The amendment itself did not specify whether it would apply retroactively. On March 31, 2016, the United States District Court for the Northern District of California ruled that the amendment does apply retroactively, and dismissed a lawsuit that was filed in 2014 (Silver v. Pennsylvania Higher Education Assistance Agency, USDC N.D. Cal. 14-cv-00652 PJH). Specifically, in the Silver case, a putative class action was brought against a federal student loan servicer, alleging violations of the TCPA based on alleged automated collection calls. In dismissing the action, the Silver court examined previous Supreme Court precedent on the issue of retroactive application of congressional amendments, specifically the 1994 case, Landgraf v. USI Film Products. The Silver court found that retroactive applicability of the amendment would not impair the plaintiff’s rights, and that “the amendment actually decreases liability for past conduct.”

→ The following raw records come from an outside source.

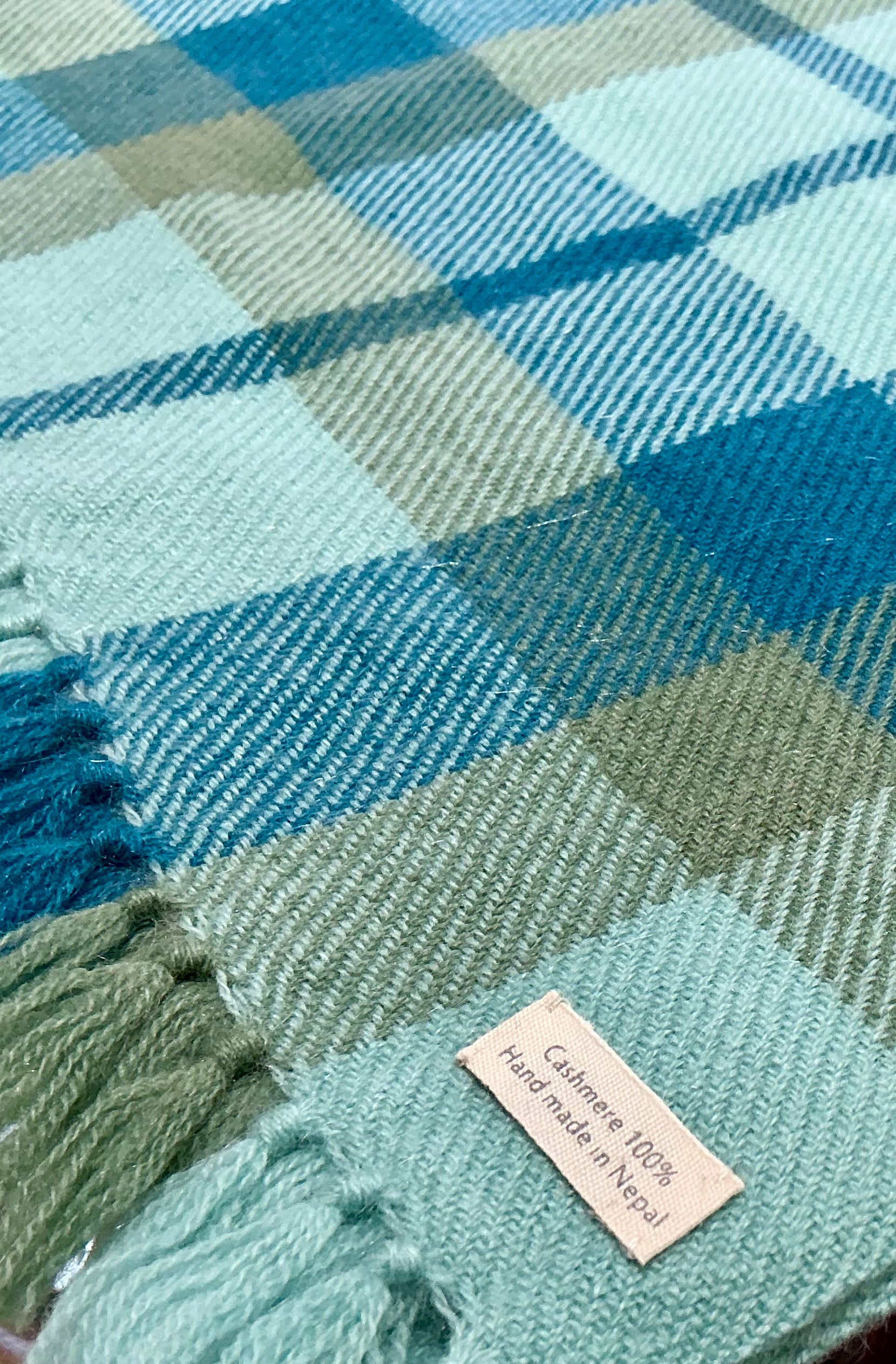 This beautiful unisex cashmere textile is hand woven and showcases the exceptional quality of Nepalese weavers. This scarf was woven by a socially ethical weaving collective in Kathmandu Nepal where the owner treats his staff like extended family.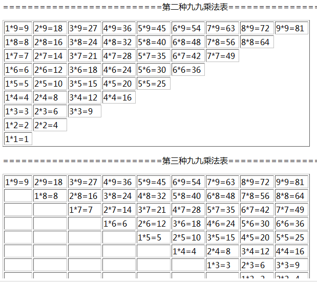 echo "<p>==========================第三种九九乘法表=====================================</p>";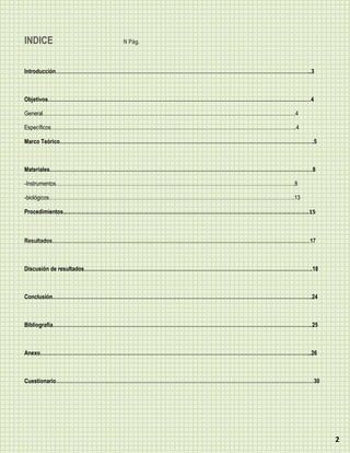 Este informe de laboratorio presenta 3 objetivos: 1) conocer y aplicar normas de seguridad al manipular muestras, materiales y equipos de laboratorio, 2) dar un uso adecuado a dichos materiales y equipos, y 3) lograr resultados a través de buenos procedimientos. Describe normas de bioseguridad, materiales comunes de laboratorio e instrumentos como vasos de precipitado, tubos de ensayo, pipetas y buretas.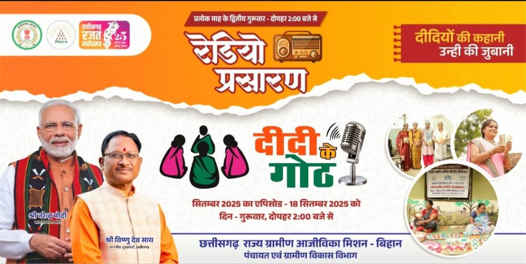 सितंबर माह का एपिसोड दिनांक 18 सितम्बर 2025 (गुरुवार) दोपहर 2:00 बजे से प्रसारित होगा। इस कार्यक्रम की विशेषता यह है कि इसमें स्व-सहायता समूह से जुड़ी दीदियां अपनी सफलता की कहानियां स्वयं अपनी जुबानी सुनाती हैं।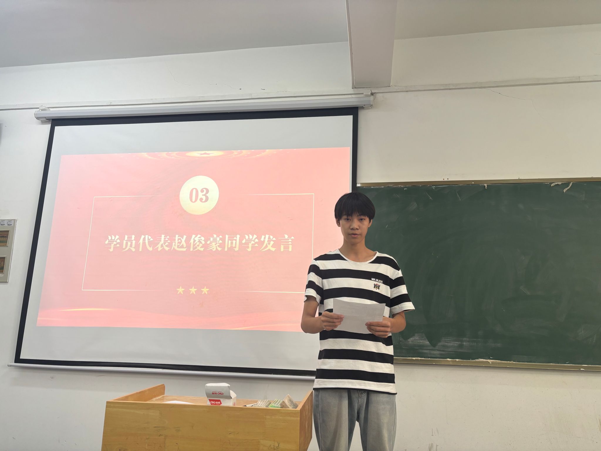 学员代表赵俊豪做表态发言,作为积极分子,我们要珍惜学习机会,认真学习,积极思考,不断提升自己,以实际行动向党组织靠拢,争取早日加入中国共产党,为实现中华民族伟大复兴的中国梦而努力奋斗!

Although district court opinions like Silver do not carry the same precedential value as appellate opinions from the Circuit Courts of Appeals or United States Supreme Court, this opinion could carry great weight, since it appears to be the only case in the country that has weighed in on the retroactivity of the recent TCPA amendment. Further, although this case discusses federal student lending, and not mortgages backed or owned by the various government-sponsored entities, this opinion has potential application to other TCPA cases brought against lenders and servicers of federally mortgage-backed loans, even if those cases were filed before the amendment’s effective date.